Kim Rae-won (born March 19, 1981) is a South Korean actor. He first rose to fame with his appearances in the 2003 romantic comedy series Cats on the Roof. He is best known for the movies My Little Bride (2004), Sunflower (2006), The Prison (2017), as well as television series Love Story in Harvard (2004), Gourmet (2008), A Thousand Days' Promise (2011), Punch (2014–2015), The Doctors (2016), Black Knight: The Man Who Guards Me (2018), and The First Responders (2022–2023).

==Career==
Kim Rae-won initially wanted to become a professional basketball player, but when an injured ankle tendon ended that childhood dream, he turned to acting and studied Theater and Film at Chung-Ang University. He made his acting debut in the 1997 teen drama Me, in the role of a newbie at the broadcasting club of his high school. This was followed by another teen drama, School 2 (1999) and coming-of-age film Plum Blossom (2000).
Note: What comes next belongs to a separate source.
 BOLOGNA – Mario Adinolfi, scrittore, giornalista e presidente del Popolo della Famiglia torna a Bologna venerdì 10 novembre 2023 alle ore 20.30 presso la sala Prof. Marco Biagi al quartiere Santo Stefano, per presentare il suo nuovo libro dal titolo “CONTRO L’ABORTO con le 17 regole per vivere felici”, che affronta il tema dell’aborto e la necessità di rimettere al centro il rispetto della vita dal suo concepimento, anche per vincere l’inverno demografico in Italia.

In 2002, Kim rose to fame after starring in the romance comedy drama My Love Patzzi. His popularity further increased in 2003, playing a law student slacker who cohabitates with a girl (Jeong Da-bin) in the popular romance series Cats on the Roof. He then played a carefree photographer who enters the life of an introverted girl in melodrama ...ing and starred in the romantic comedy film My Little Bride, in the role of a college graduate forced to marry a high school girl (Moon Geun-young). My Little Bride became a sleeper hit and was the second top-grossing Korean film of 2004.
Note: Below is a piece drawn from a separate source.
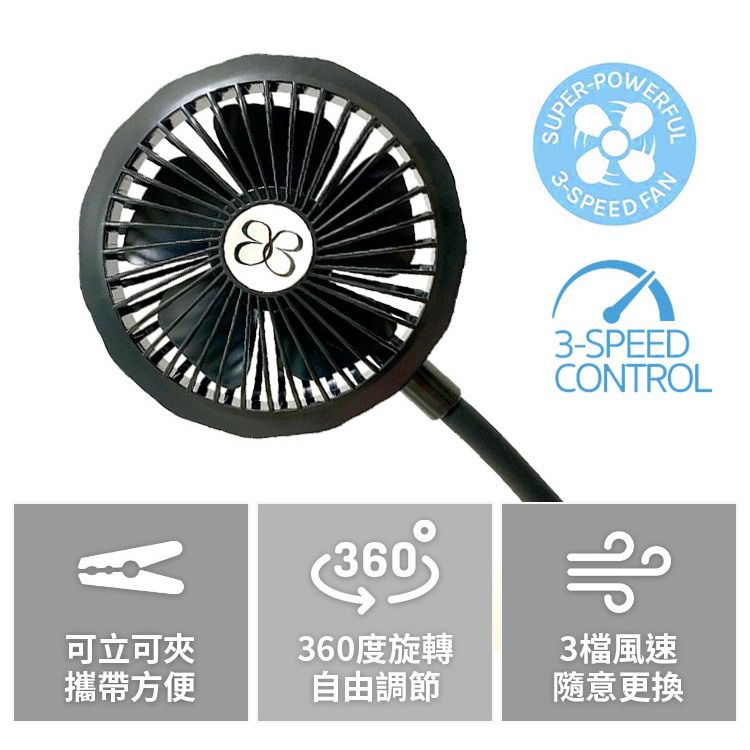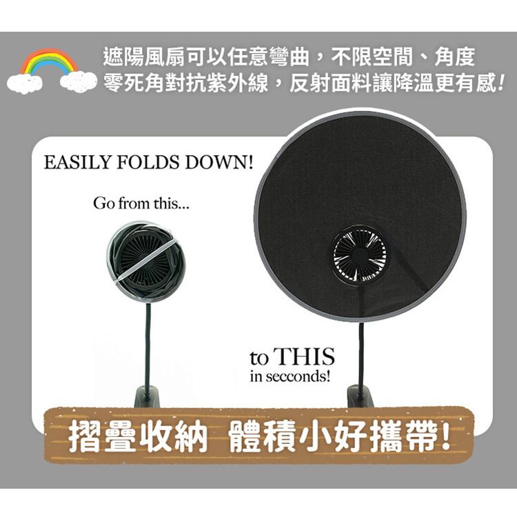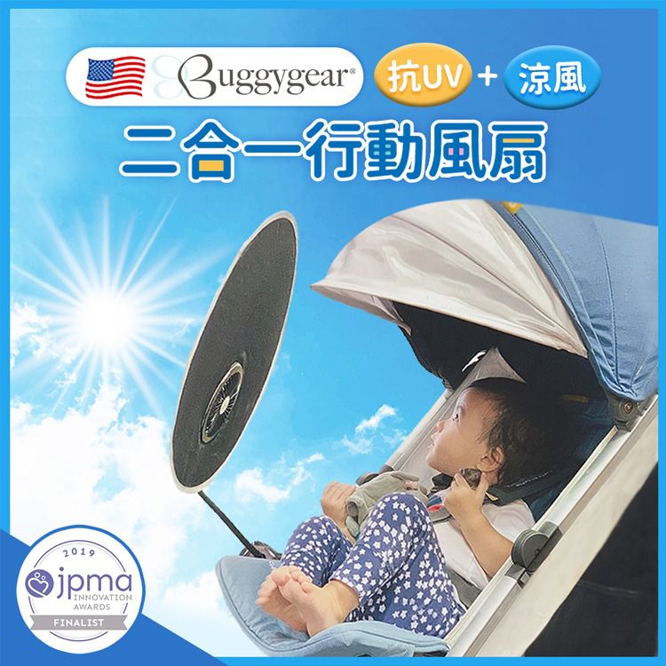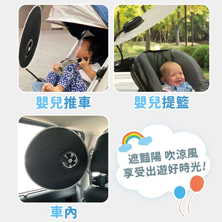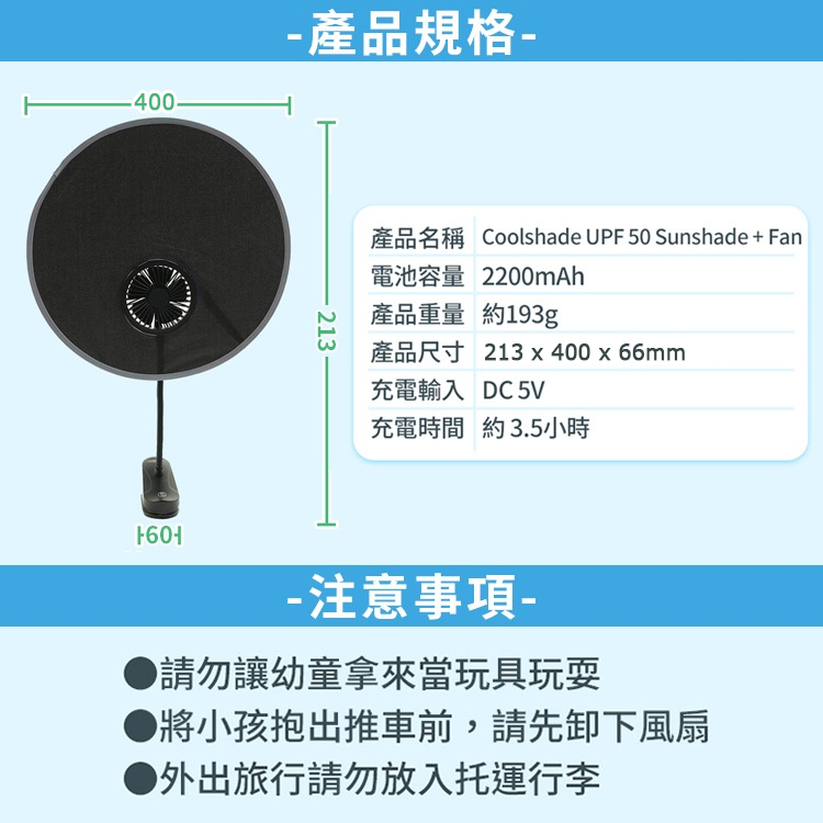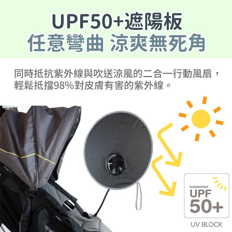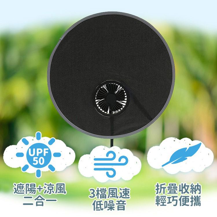 UPF50+遮陽板根涼風扇結合,還有3檔風速可調整,低噪音又方便攜帶

Kim continued playing romantic heroes on television, in dramas such as Snowman (2003), Love Story in Harvard (2004), and Which Star Are You From (2006). But on the big screen, he focused on darker, more masculine fare. He played a lowlife-turned-cop in Mr. Socrates (2005), a former gangster attempting to turn over a new leaf in Sunflower (2006), and an antihero art restorer in Insadong Scandal (2009).
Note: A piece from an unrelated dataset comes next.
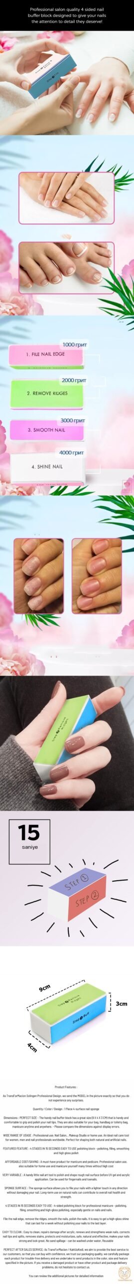 15 SN’DE 4 AŞAMALI KOLAY KULLANIM : Profesyonel manikür için 4 taraflı parlatma bloğu – cilalama, törpüleme, düzleştirme ve çok parlak cilalama, özellikle tırnaklara ve tırnaklara karşı hassastır.

In 2008, Kim played an elementary school teacher who falls for a Korean-Japanese jewelry designer (Mirai Yamamoto) in the Japanese film Flower Shadow (花影, Hanakage). Later that year, he starred as a genius aspiring chef in Gourmet, a hit series based on Huh Young-man's manhwa Sikgaek.

Kim then explored the melodrama genre in A Thousand Days' Promise (2011), by renowned TV screenwriter Kim Soo-hyun. Kim impressed the audience with his portrayal of a character torn between the longtime girlfriend whom his parents approve of, and the woman he truly loves (Soo Ae) who has early-onset Alzheimer's disease.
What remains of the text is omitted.